红色框程序实现时候出现了点问题,*符号乘法应该替换为np.dot。
说明:np.dot表示矩阵乘法,np.multiply表示矩阵按位置乘。*做乘法有2种情况,如果是np.mat数据格式表示矩阵乘法(相当于np.dot),如果是np.array数据格式表示按位置乘(相当于np.multiply)
程序流程,先计算dWy和dby,da(2部分组成,输出da和da_naxt),然后按照上图公式列出来。
def lstm_cell_backward(self, dz, da_next, dc_next, cache):
"""
Implement the backward pass for the LSTM-cell (single time-step).
Arguments:
dz -- cell输出y_hat=softmax(z)对z求导
da_next -- Gradients of next hidden state, of shape (n_a, m)
dc_next -- Gradients of next cell state, of shape (n_a, m)
cache -- cache storing information from the forward pass
"""
# Retrieve information from "cache"
(a_next, c_next, a_prev, c_prev, ft, it, cct, ot, xt) = cache
# Retrieve dimensions from xt's and a_next's shape (≈2 lines)
n_a, m = a_next.shape
dWy = np.dot(dz, a_next.T)
dby = np.sum(dz, axis=1, keepdims=True)
# cell的da由两部分组成
da_next = np.dot(self.parameters['Wy'].T, dz) + da_next
# Compute gates related derivatives, you can find their values can be found by looking carefully at equations (7) to (10) (≈4 lines)
dot = da_next * np.tanh(c_next) * ot * (1 - ot)
dcct = (dc_next * it + ot * (1 - np.square(np.tanh(c_next))) * it * da_next) * (1 - np.square(cct))
dit = (dc_next * cct + ot * (1 - np.square(np.tanh(c_next))) * cct * da_next) * it * (1 - it)
dft = (dc_next * c_prev + ot * (1 - np.square(np.tanh(c_next))) * c_prev * da_next) * ft * (1 - ft)
# Compute parameters related derivatives.

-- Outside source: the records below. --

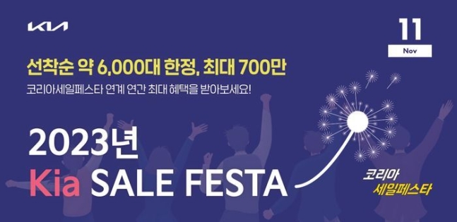 기아자동차가 ‘2023 코리아 세일 페스타’를 맞아 올해 최대 수준의 할인 혜택을 고객들에게 제공한다 고합니다. 11월 1일부터 30일까지 8개 차종에 대한 할인을 선착순 6000대 한정으로 최대 700만 원 할인 행사를 진행한다고 하니, 차량 구매를 준비하고 계신 분들께서는 좋은 혜택으로 구매에 도움이 되길 바랍니다.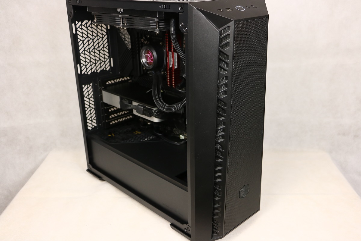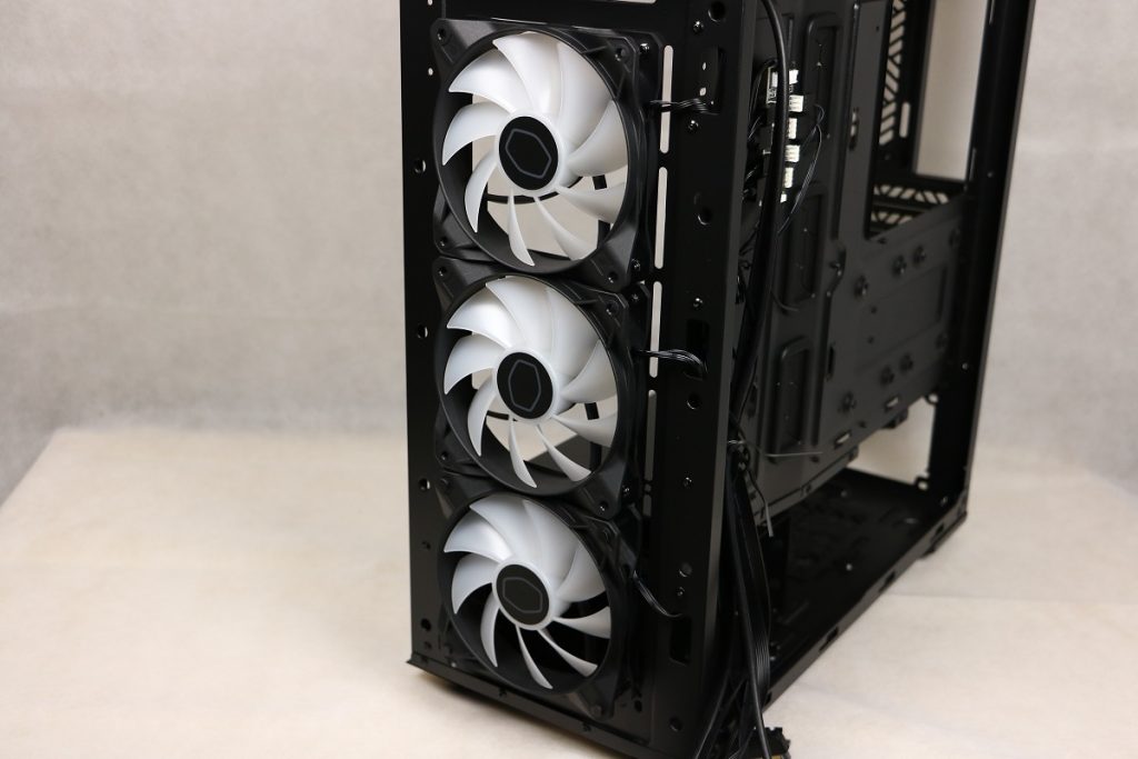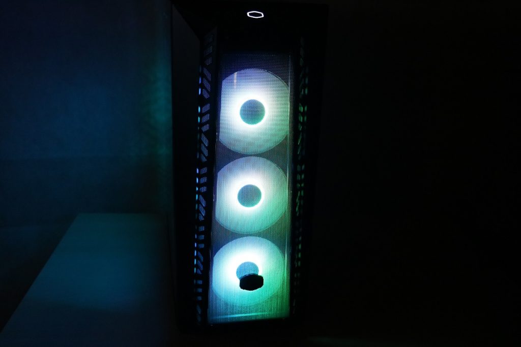Maar al zullen de meeste mensen een kast kopen voor het uiterlijk, het is ook belangrijk dat de kast de ingebouwde componenten weet te koelen. Wanneer je de kast op het eerste gezicht ziet ga je er wel vanuit dat het met de koeling wel goed zit. Er zijn drie ventilatoren ingebouwd en het voorpaneel is gemaakt van mesh. Gelukkig presteert de kast goed ten opzichte van een systeem wat op een testbench ligt. De processor wordt wellicht ietsjes warmer maar dit mag geen naam hebben. De overige onderdelen die we gemeten hebben kunnen tot maar liefst 9 graden koeler worden wat een wereld van verschil is. De ene keer ging het om een processor, de andere keer over de VRM’s op het moederbord. De ventilatoren zorgen dus voor voldoende airflow in het complete systeem. Wat ook belangrijk is om te vermelden is dat de kast daarbij vrij stil weet te blijven. Helaas levert Cooler Master niet een extra ventilator mee aan de achterkant. Dit zou er wellicht voor zorgen dat de temperaturen nog wat lager uitvallen dan ze nu al zijn.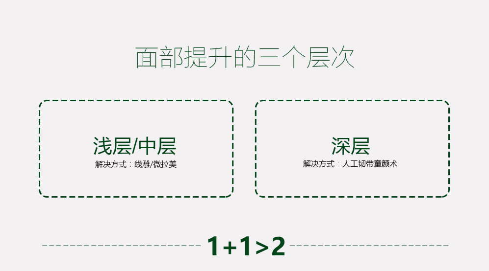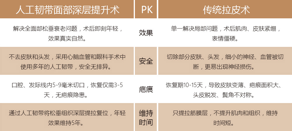 3.维持时间长:提升层次直达传统拉皮手术不可触及的肌肉、颊脂肪垫等深层组织,效果远胜于皮肤及浅层软组织的大力拉扯,维持时间长达5年。TIPS:大拉皮手术为什么只能维持1-2年?除皱提升手术效果与提升层次有极大关系。大拉皮手术提升层次仅可达到SMAS筋膜层,无法触及深层软组织,肌肉、颊脂肪垫在重力作用下仍然松垂,所以维持时间无法长久,仅可达到1-2年。而且,由于手术创伤大,破坏了皮肤组织的连续性,僵硬效果却可维持10年。同时,单一的发际线切口,距离鼻唇沟较远, 对鼻唇沟的提升效果也不明显。

Use equations (11)-(14) (≈8 lines)
concat = np.vstack((a_prev, xt)).T
dWf = np.dot(dft, concat)
dWi = np.dot(dit, concat)
dWc = np.dot(dcct, concat)
dWo = np.dot(dot, concat)
dbf = np.sum(dft, axis=1, keepdims=True)
dbi = np.sum(dit, axis=1, keepdims=True)
dbc = np.sum(dcct, axis=1, keepdims=True)
dbo = np.sum(dot, axis=1, keepdims=True)
# Compute derivatives w.r.t previous hidden state, previous memory state and input. Use equations (15)-(17). (≈3 lines)

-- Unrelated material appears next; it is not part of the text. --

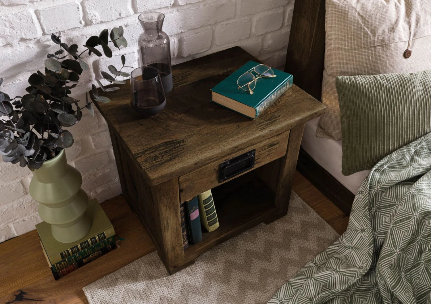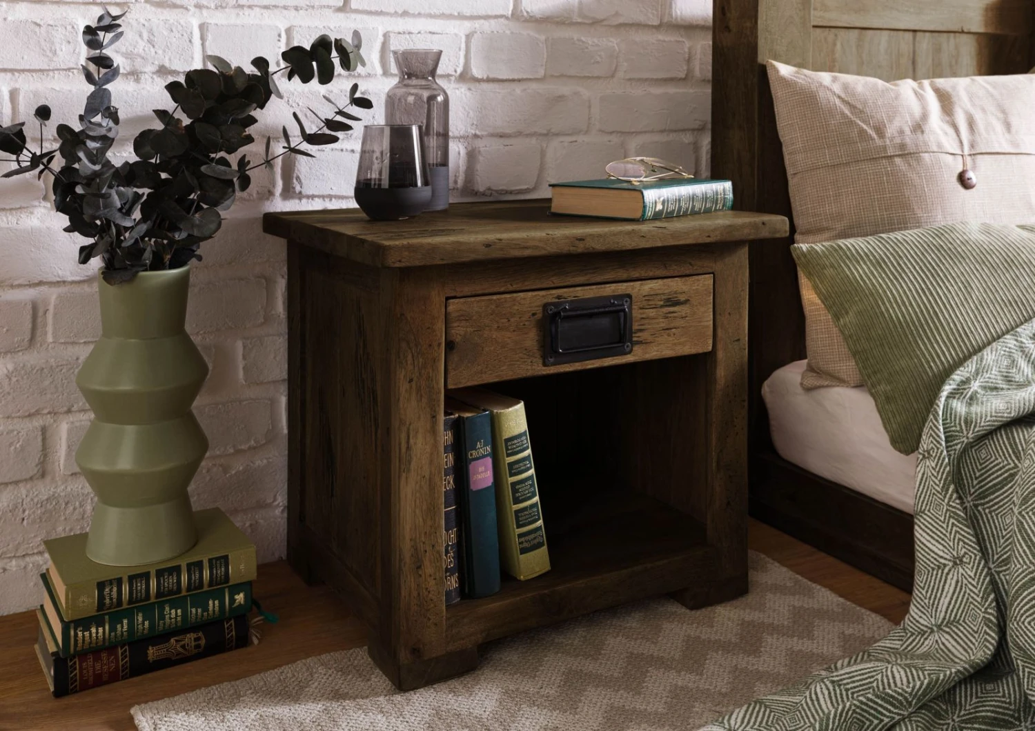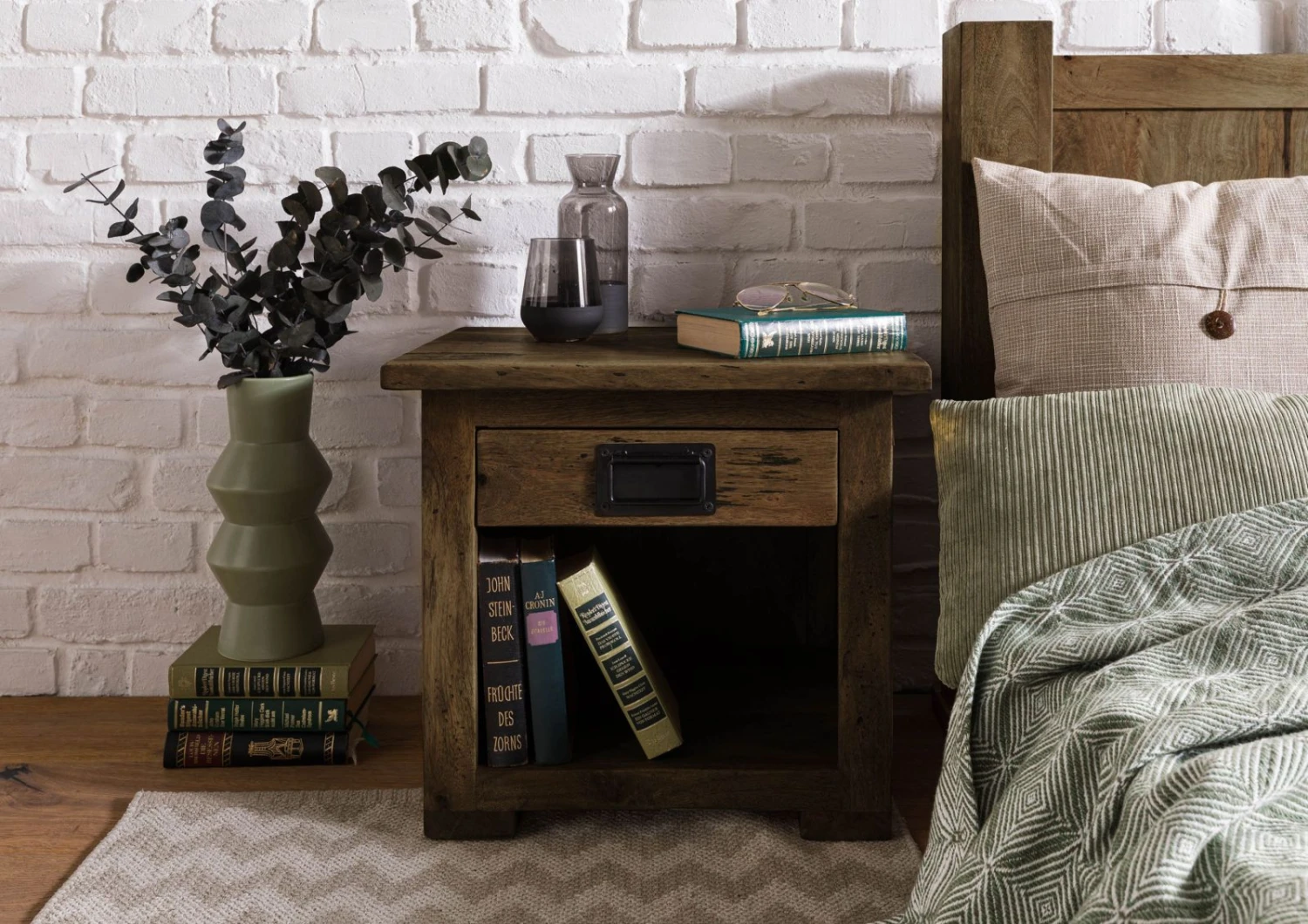 - Bois de manguier dans un style industriel : grâce à son design exceptionnel, cette table de chevet se distingue des autres meubles de chambre à coucher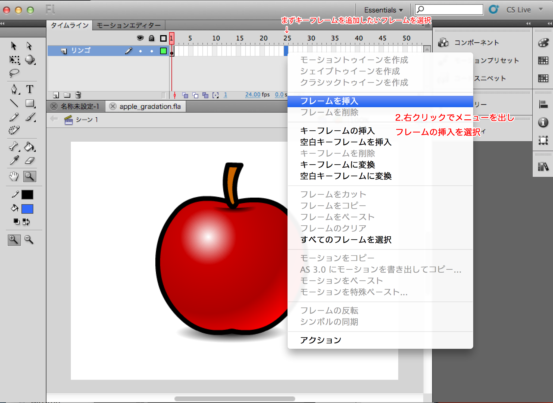 初期設定では24フレームで1秒になっています。(ステージのプロパティから変更できます。)

da_prev = np.dot(self.parameters['Wf'][:, :n_a].T, dft) + np.dot(self.parameters['Wi'][:, :n_a].T, dit) + np.dot(self.parameters['Wc'][:, :n_a].T, dcct) + np.dot(self.parameters['Wo'][:, :n_a].T, dot)
dc_prev = dc_next * ft + ot * (1 - np.square(np.tanh(c_next))) * ft * da_next
dxt = np.dot(self.parameters['Wf'][:, n_a:].T, dft) + np.dot(self.parameters['Wi'][:, n_a:].T, dit) + np.dot(self.parameters['Wc'][:, n_a:].T, dcct) + np.dot(self.parameters['Wo'][:, n_a:].T, dot)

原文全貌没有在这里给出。